One region he surveyed was the Minnesota River Valley, a valley much larger than expected from the low-flow Minnesota River. In some places, the valley is 5 miles (8 km) wide and 250 feet (80 m) deep. Warren first explained the region's hydrology in 1868, attributing the gorge to a massive river that drained Lake Agassiz between 11,700 and 9,400 years ago. The great river was named Glacial River Warren in his honor after his death.

American Civil War
At the start of the war, Warren was a first lieutenant and mathematics instructor at the United States Military Academy. He helped raise a local regiment for service in the U.S. Army and was appointed lieutenant colonel of the 5th New York Infantry Regiment on May 14, 1861. Warren and his regiment saw their first combat at the Battle of Big Bethel in Virginia on June 10, arguably the first major land engagement of the war. He was promoted to colonel and regimental commander on September 10.

In the 1862 Peninsula Campaign, Warren commanded his regiment at the Siege of Yorktown and also assisted the chief topographical engineer of the Army of the Potomac, Brig. Gen. Andrew A. Humphreys, by leading reconnaissance missions and drawing detailed maps of appropriate routes for the army in its advance up the Virginia Peninsula. He commanded a small brigade (3rd Brigade, 2nd Division, V Corps) during the Seven Days Battles consisting of his own 5th New York along with the 10th New York. At Gaines Mill, he was bruised in the knee by a shell fragment but remained on the field. He continued to lead the brigade at the Second Battle of Bull Run, suffering heavy casualties in a heroic stand against an overwhelming enemy assault, and at Antietam, where the V Corps was in reserve and saw no combat.

Warren was promoted to brigadier general on September 26, 1862, and he and his brigade went to the Battle of Fredericksburg in December, but again were held in reserve and saw no action. When U.S. Maj. Gen. Joseph Hooker reorganized the Army of the Potomac in February 1863, he named Warren his chief topographical engineer and then chief engineer. As chief engineer, Warren was commended for his service in the Battle of Chancellorsville.

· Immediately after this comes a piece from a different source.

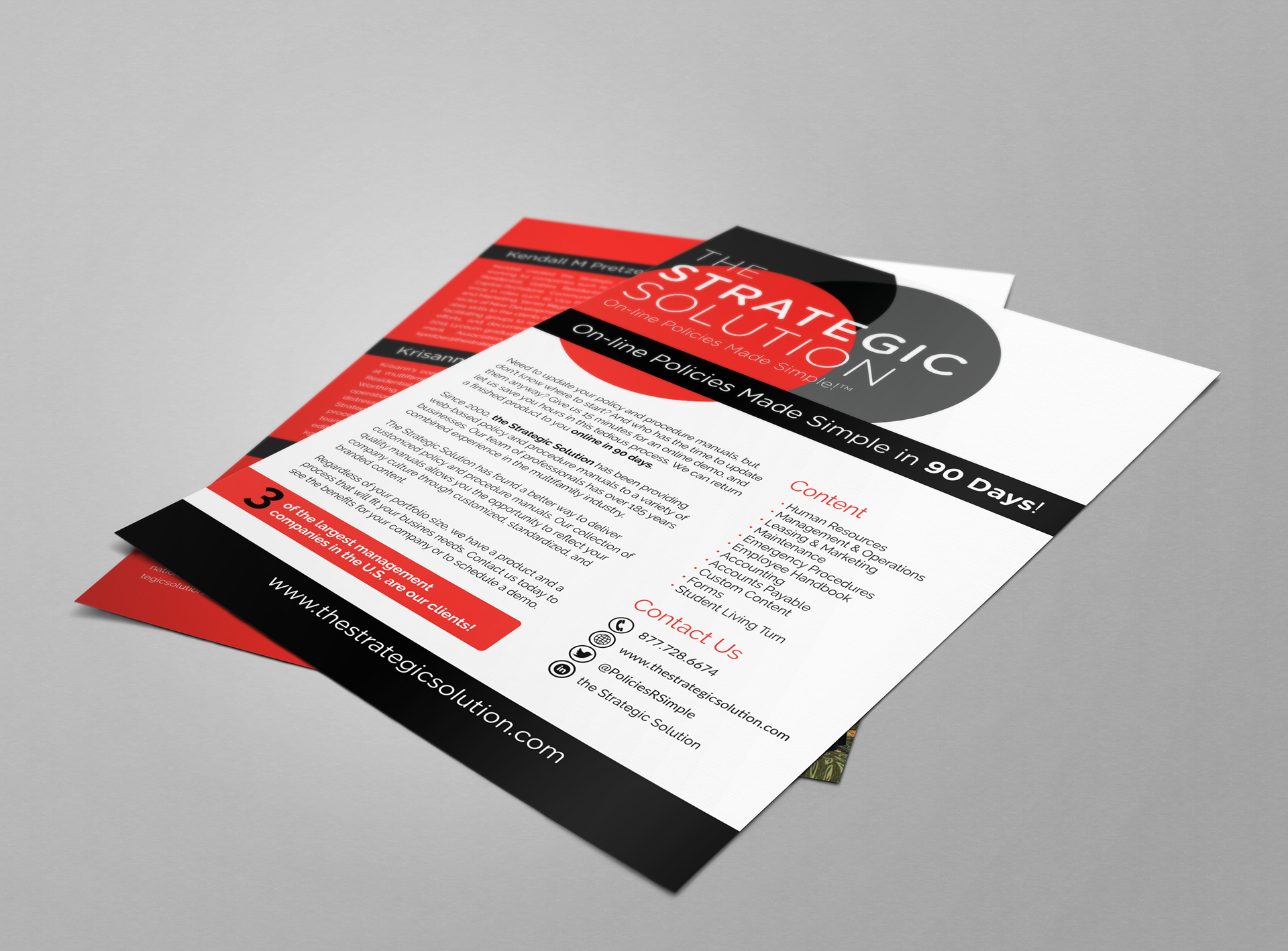 The Strategic Solution provides web-based policy and procedure manuals to a variety of businesses. They wanted to update their logo, which led to updating a variety of their promotional materials.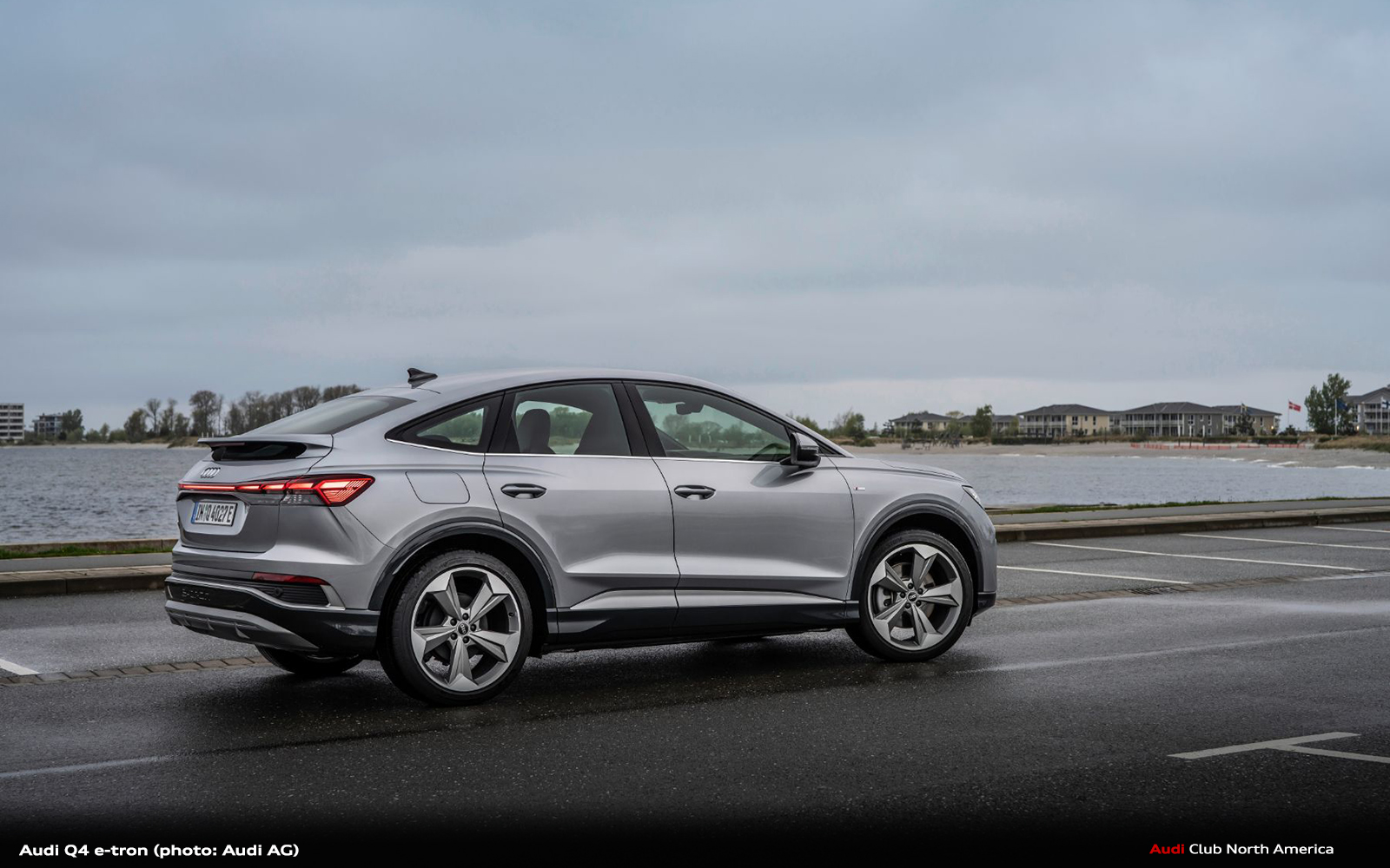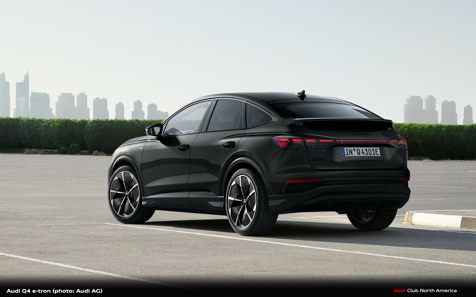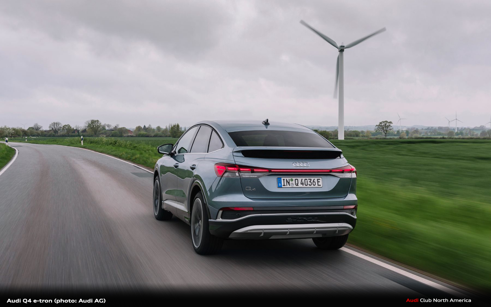 The Audi Q4 45 e-tron and the Audi Q4 Sportback 45 e-tron with rear-wheel drive produce 210 kW (286 PS) and accelerate from zero to 100 km/h (62 mph) in 6.7 seconds. The Audi Q4 45 e-tron quattro and the Audi Q4 Sportback 45 e-tron quattro with 210 kW (286 PS) take 6.6 seconds. The top-of-the-range models Audi Q4 55 e-tron quattro and Audi Q4 Sportback 55 e-tron quattro models with 250 kW (340 PS) accelerate from a standstill to highway speed in a mere 5.4 seconds. The top speed for all models is now 180 km/h (112 mph).

At the start of the Gettysburg Campaign, as Confederate General Robert E. Lee began his invasion of Pennsylvania, Warren advised Hooker on the routes the Army should take in pursuit. On the second day of the Battle of Gettysburg, July 2, 1863, Warren initiated the defense of Little Round Top, recognizing the importance of the undefended position on the left flank of the U.S. Army and directing, on his initiative, the brigade of Col. Strong Vincent to occupy it just minutes before it was attacked. Warren suffered a minor neck wound during the Confederate assault.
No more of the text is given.